* _Description of the task_:
For this exercise, repeat exactly the lines below starting at the line holding "另外,同时祝贺天然勘察院岩土" and ending at the line holding "2022年11月17日晚上,yl2341", both included, with no extra lines and no pictures.

Stored items
---------------
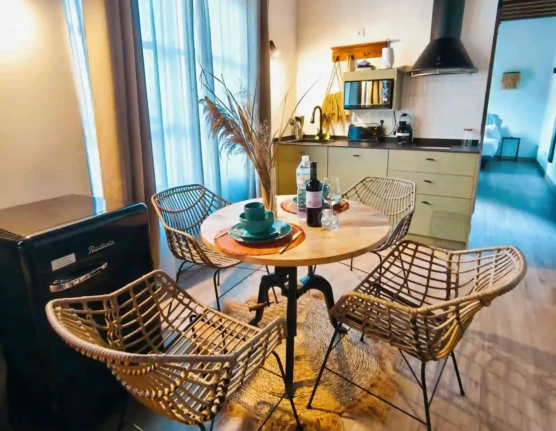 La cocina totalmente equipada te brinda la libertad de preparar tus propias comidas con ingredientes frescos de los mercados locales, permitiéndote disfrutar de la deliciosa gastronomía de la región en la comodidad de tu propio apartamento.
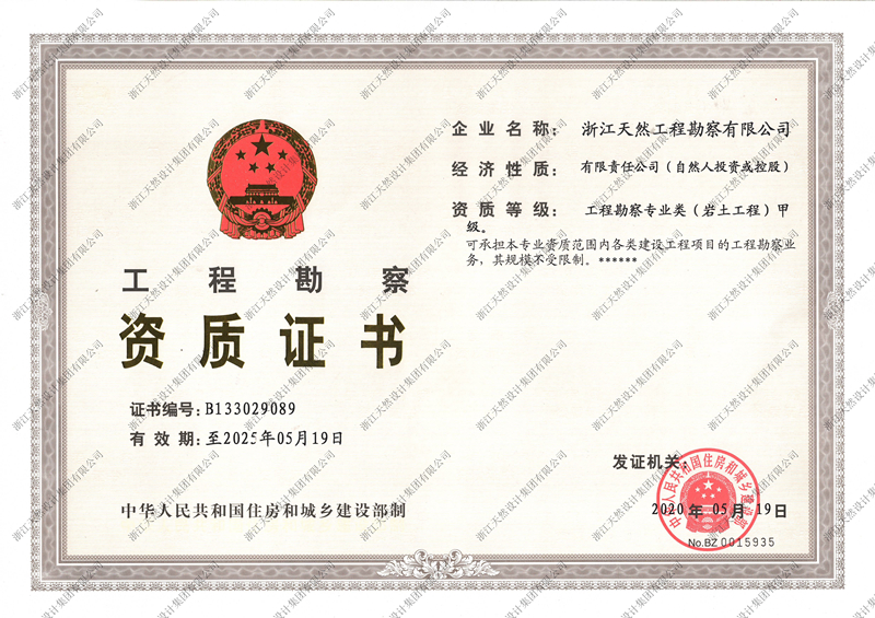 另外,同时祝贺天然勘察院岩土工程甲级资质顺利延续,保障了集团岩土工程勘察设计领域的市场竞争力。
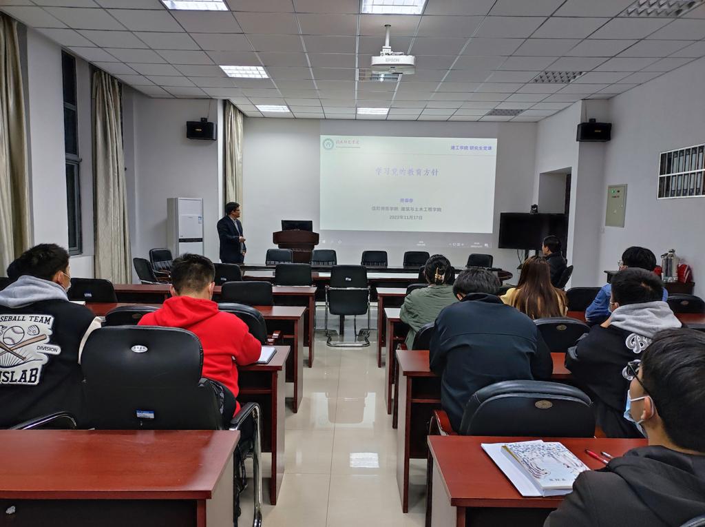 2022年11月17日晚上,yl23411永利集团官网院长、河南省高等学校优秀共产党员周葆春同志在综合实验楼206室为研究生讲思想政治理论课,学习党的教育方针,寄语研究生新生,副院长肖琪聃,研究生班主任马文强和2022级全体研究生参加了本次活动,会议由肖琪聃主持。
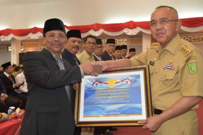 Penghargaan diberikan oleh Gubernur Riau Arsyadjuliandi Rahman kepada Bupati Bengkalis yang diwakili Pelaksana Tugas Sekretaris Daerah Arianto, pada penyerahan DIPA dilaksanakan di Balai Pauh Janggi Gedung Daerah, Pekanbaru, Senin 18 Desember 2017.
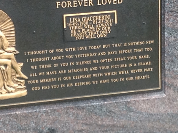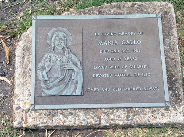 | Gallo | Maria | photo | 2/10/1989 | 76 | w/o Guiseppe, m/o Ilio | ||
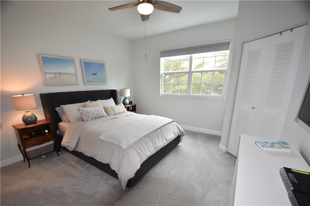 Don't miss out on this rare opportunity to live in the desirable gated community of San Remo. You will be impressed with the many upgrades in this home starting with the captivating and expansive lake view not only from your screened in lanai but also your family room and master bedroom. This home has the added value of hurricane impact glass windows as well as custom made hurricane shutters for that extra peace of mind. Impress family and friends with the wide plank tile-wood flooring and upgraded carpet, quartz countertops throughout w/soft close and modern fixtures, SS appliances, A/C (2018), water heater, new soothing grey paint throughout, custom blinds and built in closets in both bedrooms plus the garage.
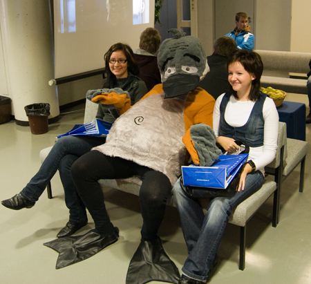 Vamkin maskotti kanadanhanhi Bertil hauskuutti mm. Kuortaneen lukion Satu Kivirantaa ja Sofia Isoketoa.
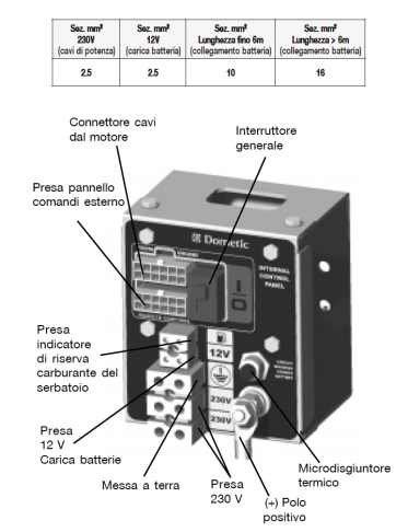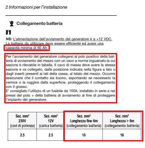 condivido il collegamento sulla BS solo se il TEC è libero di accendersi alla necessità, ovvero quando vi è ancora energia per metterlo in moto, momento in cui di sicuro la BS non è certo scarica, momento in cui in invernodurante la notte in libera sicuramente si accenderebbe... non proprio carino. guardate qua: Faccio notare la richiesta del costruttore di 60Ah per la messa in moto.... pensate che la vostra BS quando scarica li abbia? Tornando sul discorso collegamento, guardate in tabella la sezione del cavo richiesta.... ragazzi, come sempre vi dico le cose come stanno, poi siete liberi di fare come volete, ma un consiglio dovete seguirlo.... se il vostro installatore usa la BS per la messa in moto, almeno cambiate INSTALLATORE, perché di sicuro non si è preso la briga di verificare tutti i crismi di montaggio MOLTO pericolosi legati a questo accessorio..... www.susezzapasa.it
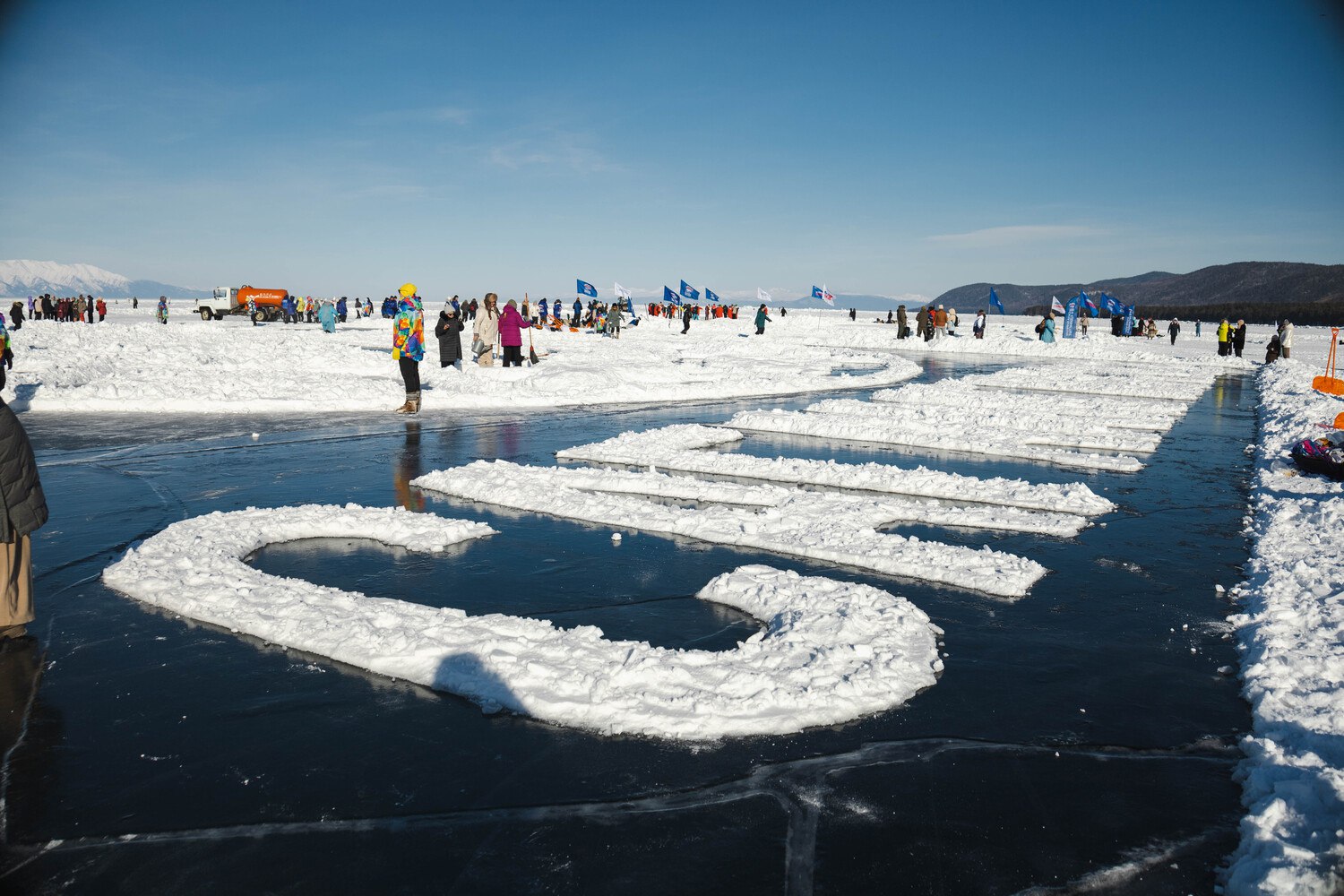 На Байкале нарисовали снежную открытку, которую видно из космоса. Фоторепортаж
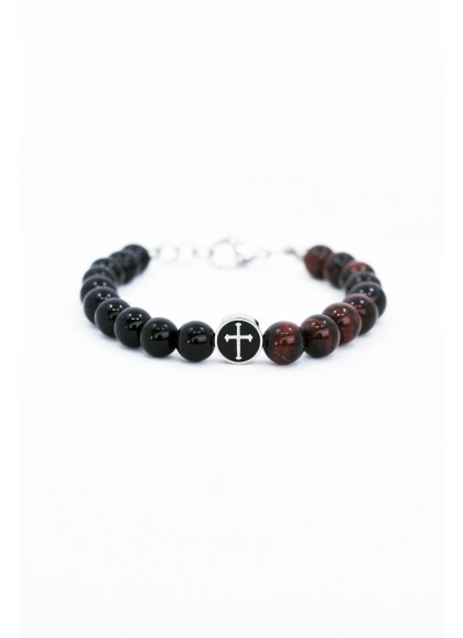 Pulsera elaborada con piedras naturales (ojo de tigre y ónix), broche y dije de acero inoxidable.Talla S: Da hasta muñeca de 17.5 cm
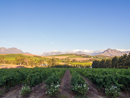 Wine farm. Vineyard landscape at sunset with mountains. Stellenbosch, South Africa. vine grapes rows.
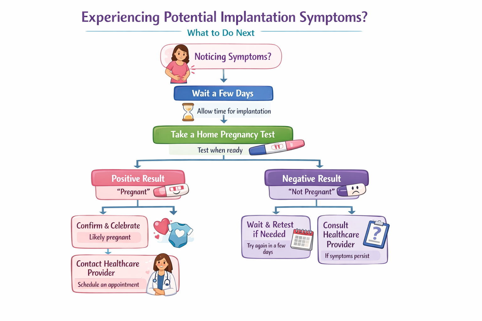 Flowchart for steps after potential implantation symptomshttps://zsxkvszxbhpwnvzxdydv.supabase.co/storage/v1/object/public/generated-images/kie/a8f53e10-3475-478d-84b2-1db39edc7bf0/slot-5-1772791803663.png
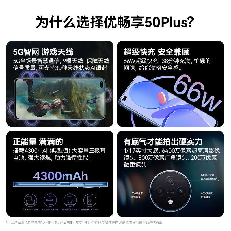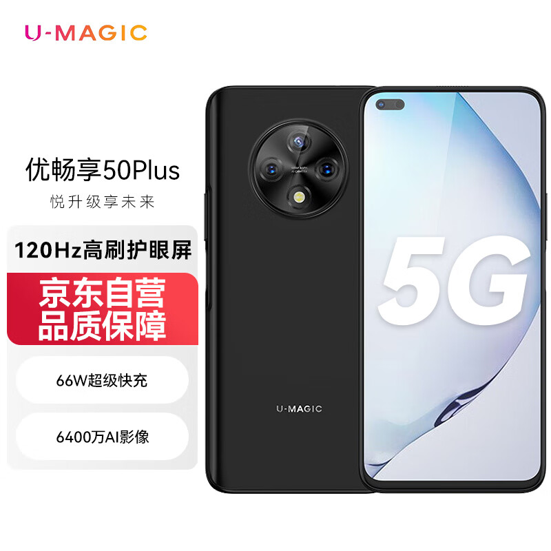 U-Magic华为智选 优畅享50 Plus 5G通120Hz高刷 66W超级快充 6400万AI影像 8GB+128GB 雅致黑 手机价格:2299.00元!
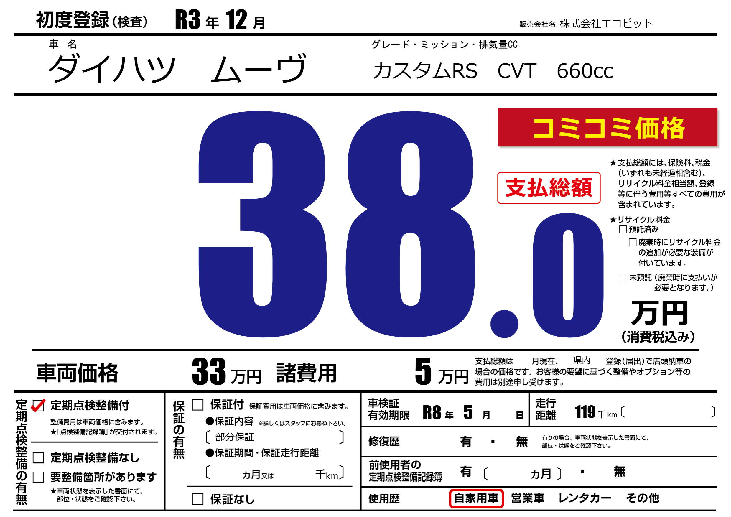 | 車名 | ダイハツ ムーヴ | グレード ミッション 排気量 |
---------------
* _Reply_:
 另外,同时祝贺天然勘察院岩土工程甲级资质顺利延续,保障了集团岩土工程勘察设计领域的市场竞争力。
 2022年11月17日晚上,yl23411永利集团官网院长、河南省高等学校优秀共产党员周葆春同志在综合实验楼206室为研究生讲思想政治理论课,学习党的教育方针,寄语研究生新生,副院长肖琪聃,研究生班主任马文强和2022级全体研究生参加了本次活动,会议由肖琪聃主持。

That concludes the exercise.